Alter Technology, the plastic packaging plant has started volume production of plastic encapsulated QFN chip packages in the UK. Most of the semiconductor packaging taking place in sizeable out-sourced assembly and test (OSAT) production lines in Asia, so the Alter UK plant in Livingston, Scotland, offers a significant capability in the UK. Alter is headquartered in Spain and is one of a small number of facilities in Europe with such capability.
Traditionally UK semiconductor packaging has been centred on low volumes using ceramic and metal packages with batch sizes restricted to 100s of devices packaged in a sequential pattern. This is appropriate for tough ecosystems and prototyping, but not ideal for a greater part of semiconductor packaging applications.
The change to this lower-cost and high-volume compatible plastic package technology signifies a 90% decrease in cost and facilitates several thousands to tens of thousands of devices per batch. The line at Livingston has a capacity of several million of units a year and Alter is looking at increasing this to tens of millions.
This is a strategic capability for European chip production to prevent supply chain issues in Asia. The European Space Agency is also assessing the procedure for chips used in space systems.
Alter obtained grant funding from Innovate UK
Stephen Duffy, the Chief Executive Officer of Alter Technology TUV NORD UK stated that the Livingston site to be a Centre of Excellence within the Group for space and satellite-grade semiconductor and photonic manufacturing. One remarkable victory was the latest supply of vital electronic components, designed and manufactured by Alter UK in Livingston, to the Nasa Mars Perseverance Rover which landed on MARS the previous year.
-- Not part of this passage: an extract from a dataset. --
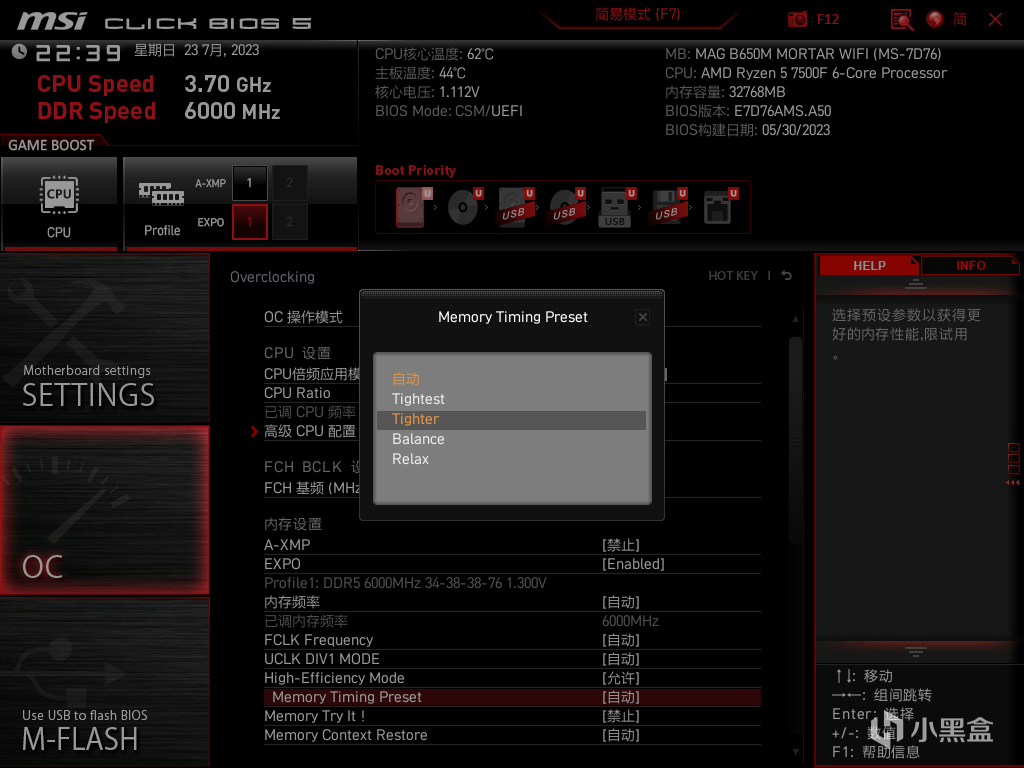 所以硬核推薦大家使用微星AM5主板BIOS內置了High-Eiffciency Mode(高性能模式),一鍵自動微調小參,輕鬆增強內存性能很方便,實測ARES RGB DDR5 6000C34這款內存在Tighter檔位穩定運行,後續有性能對比,你就知道爲什麼本人強烈推薦使用該功能。

Semiconductor Packaging in the UK has traditionally been concentrating on smaller quantity of niche applications. At Alter UK, the team has set up the UK’s only plastic package QFN semiconductor line which has a capacity of more than a few million single die QFN equivalents per annum, with arrangements to go beyond ten million the following year, Duffy said.
Whilst yet a prolonged way off the capacity of the massive OSATs it signifies a considerable volume and reproduces the same higher volume plastic capability as presented by the Asian OSATs. The team considers that such volume capability would be crucial to ensuring a vivid UK and European semiconductor industry soon, he added.
The UK has a flourishing community of chip technologies involving traditional silicon and evolving technologies such as gallium nitride and silicon carbide compound semiconductors and graphene. The capacity of high-volume lines is governed by consumer, mobile and automotive customers, creating them challenging to access for low and medium volume conditions such as medical, industrial, aerospace and defence, stated Matt Booker, sales director at Alter UK.
High-volume OSATs commonly repudiates their production lines polluted with tiny batches or non-standard prerequisites and eliminate these customers which establishes an ideal gap in the market. The plant can also offer suppleness with enhanced quality requirements such as traceability and inspections not usually serviced by larger suppliers, Booker said.
Alter obtained grant funding from Innovate UK to help development of a custom plastic package for a Silicon Carbide power device working with Turbo Power Systems, the Clas-SiC wafer fab, north of Edinburgh, and the Compound Semiconductor Catapult in Newport, Wales.
At the beginning of this year the group announced a GBP 6 million photonics and space centre at the nearby University of Strathclyde. The European Space Agency (ESA) have also bestowed a contract to Alter UK to assess these plastic packages for usage in space grade settings, with Alter in Spain operating the reliability test campaign.